File name collision

25 views
Skip to first unread message

Bruno Santos

unread,
Apr 1, 2026, 11:14:30 AM (11 days ago) Apr 1
to iRODS-Chat
Hi,

We found a strange issue that we can only describe as a file collision issue.

Different files (they are the same name but are in different collections) when replicated to a s3 resource have the same file path in irods.

As background info, it is relevant to know that our irods server has random scheme enabled and the version is 4.3.4.
Our replication process is custom made (due to issues with the replicate resource type).

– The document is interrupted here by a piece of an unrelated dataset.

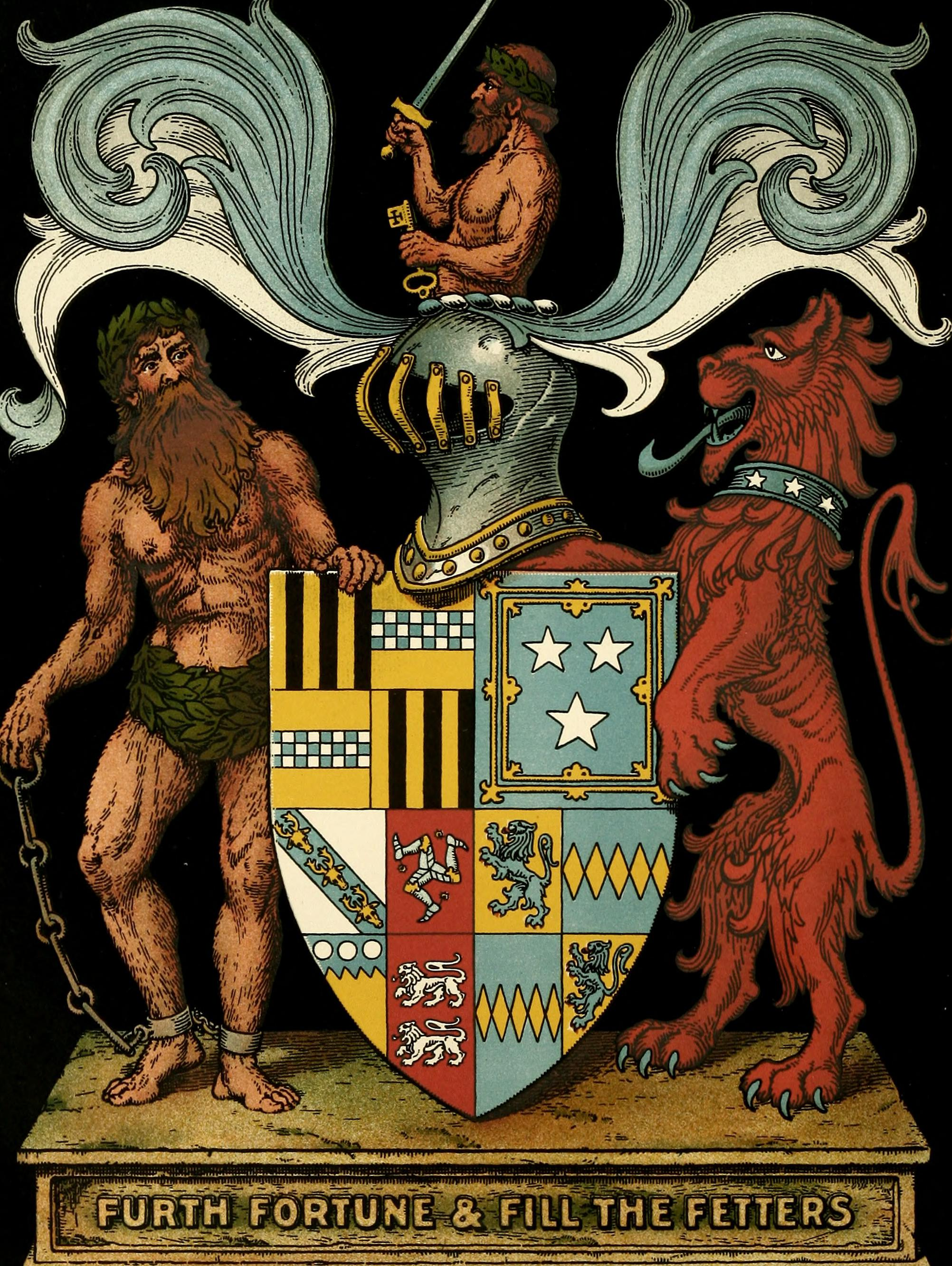 Title: The heraldry of the Murrays : with notes on all the males of the family, descriptions of the arms, plates and pedigrees Year: 1910 (1910s) Authors: Johnston, G. Harvey (George Harvey), 1860-1921 Subjects: Murray family Heraldry Publisher: Edinburgh London : W. & A.K. Johnston Text Appearing Before Image: „ 4th Viscount, 137. „ Viscounts, 138, 139.Strange, Earl of, 106. „ Lord, 103, 105, 106. Strathardle, Earl of, 102.Strathbran, Lord, 102 £.Strathearn, Earl of, 250a.Strathtay, Earl of, 102.Sutherland, Earls of, 13-23. „ Lord Duffus, 42-60. „ of Achastle, 34 b. „ „ Brabster, 34 b. Sutherland of Clyne, 70-74. Duffus, 42-60. Evelix, 48 £, 61-64. Forse, 24-41. Greschip, 44. Inverhassie, 61. Kinminitie, 65-69. Kinnauld, 82. Kinstearie, 75-81. Langwell, 32 b, 34 b. Quarrelwood, 44, 45. Rearquhar, 82-85., Torboll, 43, 44, 44 b.Tullibardine, Earl of, 98, 99, 101, 124, 125. ,, Marquess of, 102. Westminster, Earl of, 359/ Text Appearing After Image: THE Iheraldry of the /IBurrays WITH NOTES ON ALL THE MALES OF THE FAMILY DESCRIPTIONS OF THE ARMS, PLATES AND PEDIGREES BY G. HARVEY JOHNSTON F.S.A., SCOT.AUTHOR OF SCOTTISH HERALDRY MADE EASY, ETC.
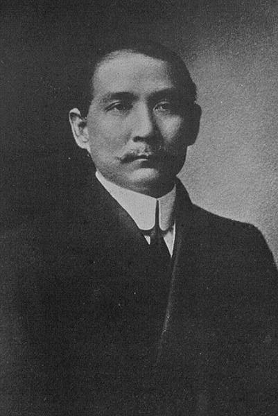 Sun Yat-sen Bân-lâm-gú: Sun Bûn. 孫文

Short summary of our process to move files to tapes (names are tape_1 and tape_2):
1. File is placed in local storage (name hot_1) and it has a checksum.
Replicate to tapes:
2. Replication to tape_1 without checksum calculation
3. Replication to tape_2 without checksum calculation
Integrity check:
4. Calculate checksum on tape_1.
5. Compare the checksum with the value from hot_1.
6. Calculate checksum on tape_2.
7. Compare the checksum with the value from hot_1.
Trim:
8. If all checksum match, the hot_1 replica is trimmed.

We do the upload and the checksum in separate steps because as it is a tape system, we only can read from his cache and the file will be delete from cache in a few minutes (I think it is 5 minutes). That time is not enough to calculate checksums if it is a big file. Joris created a discussion about this in the group in the past.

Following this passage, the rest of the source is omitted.